Just picked up this 1989 pro model. It’s what I had as a kid growing up but I cannot remember what brake setup belongs on this bike. I think it was rear only but any idea what model caliper/ lever I should be looking for?


----------



## Lonestar (Nov 15, 2021)

I think Dia Comp 901 on the rear

@birdzgarage would probably know for sure...


----------



## PennyPrince (Nov 15, 2021)

Sweet pick up, on brakes @Lonestar  is pretty spot on,  but he is right @birdzgarage  would be the one to confirm.  

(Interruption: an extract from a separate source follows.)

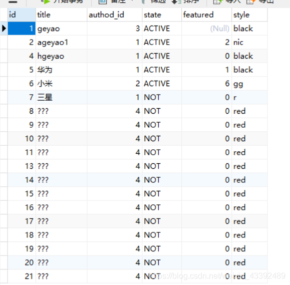 public void testupdateBlog() {SqlSession session =MyBatisUtil.getSqlSession();BlogMapper blogMapper =session.getMapper(BlogMapper.class);Blog blog = blogMapper.selectBlog(1);//Blog blog=new Blog();blog.setId(1);blog.setTitle("geyao");blog.setAuthodId(3);//blog.setStyle("balck");//blog.setState("active");//blog.setFeatured(false);//blog.setAuthodId(2);int count= blogMapper.updateBlog(blog);session.commit();session.close();System.out.println(blog);System.out.println("修改"+count+"记录");

Dia-Compe MX901 rear brake


----------



## birdzgarage (Nov 15, 2021)

Honestly I'm not sure . after 86 everything changed. Robinson was sold to gt and they were offered as complete bikes for the first time.when chuck robinson owned it,they sold frames,forks,bars and seatposts only.race bikes to be built with high end components of your choice. no completes.im just not familiar with bmx after 86 87 when I quit racing and found girls.


----------



## birdzgarage (Nov 15, 2021)

901s are earlier,84 85 released. I'm sure by 89 there was some hot new product out.maybe diacompe fs or odyssey.whatever gt and dyno was using at that time more than likely as they were sharing parts by now.


----------



## birdzgarage (Nov 15, 2021)

Very kool bike tho,looks clean


----------



## 1937Zenith (Nov 15, 2021)

I appreciate all the feedback thank you! I found another 89 that had close ups and seemed to be original and it has an ACS Boa on it. May just build it up with whatever high end parts I want but def want to do a period correct build no repops or mismatches


----------



## 1937Zenith (Nov 15, 2021)

birdzgarage said:


> Very kool bike tho,looks clean



Thanks I appreciate it, really excited to start piecing it together. Just gonna be hard waiting out for parts to pop up at a reasonable price haha. I sold a dyno detour I had and made quite a decent profit and decided to splurge on the Robinson frame. Like I said it is exactly what I had growing up but back in the late 90s my brother took it upon himself to roll it out on garbage day! Still give him crap till this day


----------



## PennyPrince (Nov 15, 2021)

Enjoy the build, part of the enjoyment is the building process. 

Look at bmxmuseum.com you should be able to find original parts on there.


----------